We also deleted AST2 and AST1 in the GVM1 strain, which contains AST2wild type/AST2N406I, to further assess their importance for inhibitor tolerance. Deletion of AST2N406I in the GVM1 strain reduced tolerance to both low and high inhibitor concentrations (S6 Fig), consistent with the previous findings in this paper. Additional deletion of AST2wild type did not make a significant difference, consistent with the dominant effect of AST2N406I. Deletion of a single copy of AST1 in the GVM1 strain reduced tolerance to both low and high inhibitor levels (S6 Fig), further supporting an additional role for AST1 in inhibitor tolerance.
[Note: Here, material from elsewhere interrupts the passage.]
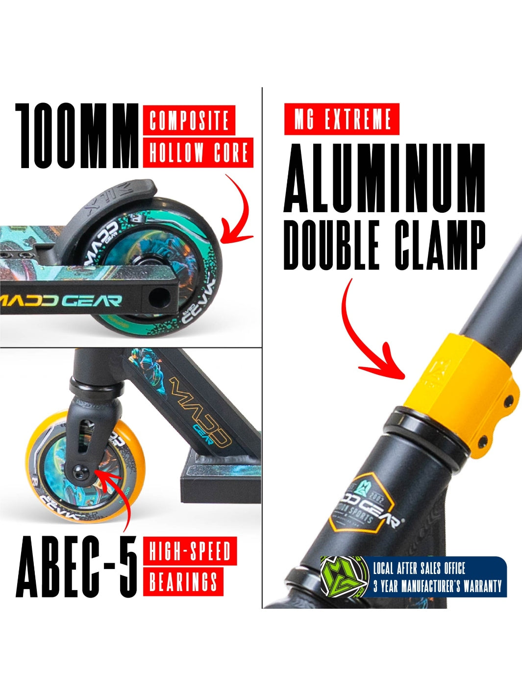 Glide smoothly with 100mm 88A composite hollow core wheels and precision ABEC-5 bearings, giving you the speed and control you need to dominate any line. From ramps to rails, this scooter is dialed straight out of the box—just slide on the bars, tighten the clamp with the included tool, and you’re ready to ride.
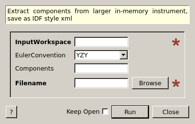 | InputWorkspace | Input | Workspace | Mandatory | Workspace containing the instrument to be exported |

The double ast1Δ/ast1Δ strain in the GVM1 background could not be obtained.
Presence of the AST2N406I and AST1D405I SNPs in whole-genome sequenced S. cerevisiae strains
We have screened the sequenced genomes of 1011 S. cerevisiae strains [44] for the possible occurrence of the AST2N406I and AST1D405I SNPs. While we could not find the AST1D405I SNP in any genome, the AST2N406I SNP was present in the genome of eight strains, derived from different natural or industrial environments (S7 Fig; Materials and Methods). We also evaluated their fermentation capacity in YPDX in the presence of 12 g/L HMF. All these strains showed a similar or better fermentation capacity under these conditions compared to GVM1, except for CLIB564 for which the fermentation capacity was much lower (S7 Fig).
In vivo and in vitro assessment of aldehyde conversion activity
HPLC analysis revealed that the HMF and furfural concentration in synthetic medium (i.e. YPDX+12 g/L HMF or YPDX + 4 g/L furfural) decreased to a greater extent at the end of fermentation by a strain with one copy of AST2N406I (i.e. GVM1 and the hemizygous strain of GVM1 containing only the AST2N406I allele) compared to the hemizygous strain of GVM1 harboring only the AST2 wild-type allele (Fig 6). This indicates that AST2N406I improves the conversion of both HMF and furfural.
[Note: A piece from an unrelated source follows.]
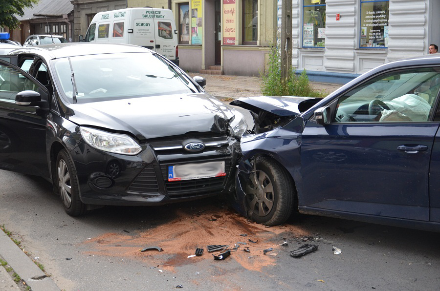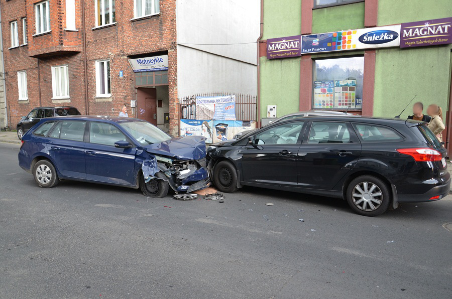 Mężczyzna jadący Oplem Omegą jechał ul. Konstantynowską w kierunku ul. Partyzanckiej. Na wysokości posesji numer 18 wykonał manewr skrętu w lewo na parking przy kamienicy. Zrobił to na tyle nieuważnie, że wymusił pierwszeństwo na jadącej z naprzeciwka Skodzie Fabii. Kobieta kierująca pojazdem próbując uniknąć kolizji, odbiła na sąsiedni pas. Niestety w przeciwną stronę jechał Ford Focus i doszło do czołowego zderzenia pojazdów.

Small-scale fermentations (10 mL) were performed at pH 4.6, 35°C, 350 rpm, initial OD600 of 5.0 in (A) YPDX with 12 g/L HMF or (B) 4 g/L furfural. Subsequent HPLC analysis of fermentation samples obtained (A) in YPDX with 12 g/L HMF at t = 0h and t = 76h, and (B) in YPDX with 4 g/L furfural at t = 0h and t = 66h, revealed that HMF and furfural concentrations had decreased to a greater extent during the course of fermentation by the strains containing the AST2N406I allele compared to the strain with the wild-type AST2 allele. Error bars represent standard deviation.
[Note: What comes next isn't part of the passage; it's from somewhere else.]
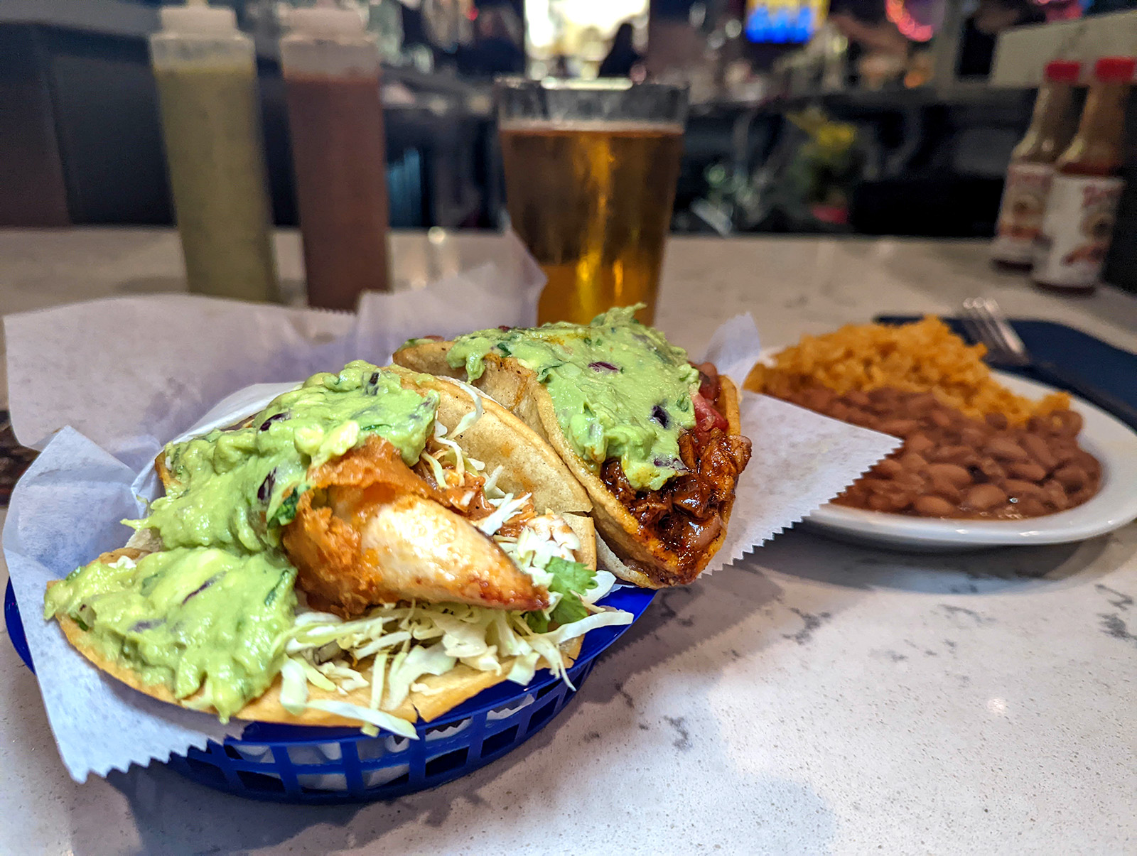 Updated review 2/16/2022: We tried coming here a few Sundays ago but there was a line out the door just to get in. We decided to postpone our Underdogs visit to a weekday instead. Last night we had 2x Nick's way baja fish tacos $7.75 each, chorizo taco $6.50, steak taco $6.50, chips with salsa & guac $8.50, beans and rice $2.50 and pints of refreshing beer. My friend and I were arguing which is better, Underdogs' full bar and beer selection or the delicious food that their kitchen puts out. On one hand, there's always new exciting beers to try here. On the other hand, we noticed their meats are always very savory with authentic spices. O, I almost forgot to mention their green and red sauce bottles on the table. Regardless, their staff should get a lot of credit because the bartenders are awesome, waitstaff super attentive and the kitchen crew are just plain wonderful. My only regret is that I need a bigger stomach to fit more of their tacos. One minor nit pick though. Did their chips get harder? I realized the roof of my mouth was all cut up after eating a few chips. Maybe I ate it too fast again.

Most genes reported to improve aldehyde tolerance in S. cerevisiae enhance the in-situ detoxification of these aldehydes by an NAD(P)H-dependent conversion into the corresponding, lesser toxic alcohol. Hence, we have tried to detect aldehyde reductase activity using GST-purified Ast2 and Ast2N406I without and with removal of the GST tag. Furfural and acetaldehyde were used as substrates as well as NADH and NADPH. However, in none of the cases could we detect any significant consumption of NADH or NADPH by the tag-purified proteins.
We have also measured furfural and HMF reducing activity with NADH and NADPH as cofactors in crude cell extracts. In this case, we were able to detect high reductase activity with furfural and both NADH and NADPH as well as with HMF and NADPH. However, only with the combination furfural (2.5 mM and 5 mM) and NADH could we detect a significant increase in reducing activity in the WGT strains MD4.1 and GVM1 (which both contain the AST2N406I allele) compared to the parent strain MD4 (Fig 7A). With furfural (5 mM) or HMF (10 mM) and NADPH the reducing activity was actually lower in the WGT strains MD4.1 and GVM1 compared to the parent strain MD4 (Fig 7B and 7C).
Reductase activity was measured with NADH or NADPH as cofactor in crude extracts of cells grown on 2% glucose in YP medium until exponential phase. A linear decrease in absorbance was measured at 340 nm for 10 min. For each condition, at least three technical repeats were used. (A) 2.5 mM and 5 mM furfural with NADH, (B) 5 mM furfural with NADPH, (C) 10 mM HMF with NADPH. Error bars represent standard deviation.
Discussion
A major hurdle for economically viable production of bioethanol and bio-based chemicals with lignocellulose hydrolysates is the presence of high levels of inhibitors. In this work we have concentrated on HMF and furfural, generally considered the most toxic inhibitors [45–47]. Total furfural and total furan aldehyde content were also found to be good predictors of yeast fermentation rate in lignocellulose hydrolysates [48,49]. The aldehyde group of these compounds causes damage to DNA, protein and membrane structures, leads to formation of reactive oxygen species (ROS) and inhibits carbon metabolism by inhibition of enzymes [50]. It has been reported that in the presence of both compounds, furfural appears to be converted first into compounds with lower toxicity, before the onset of HMF conversion [48,51].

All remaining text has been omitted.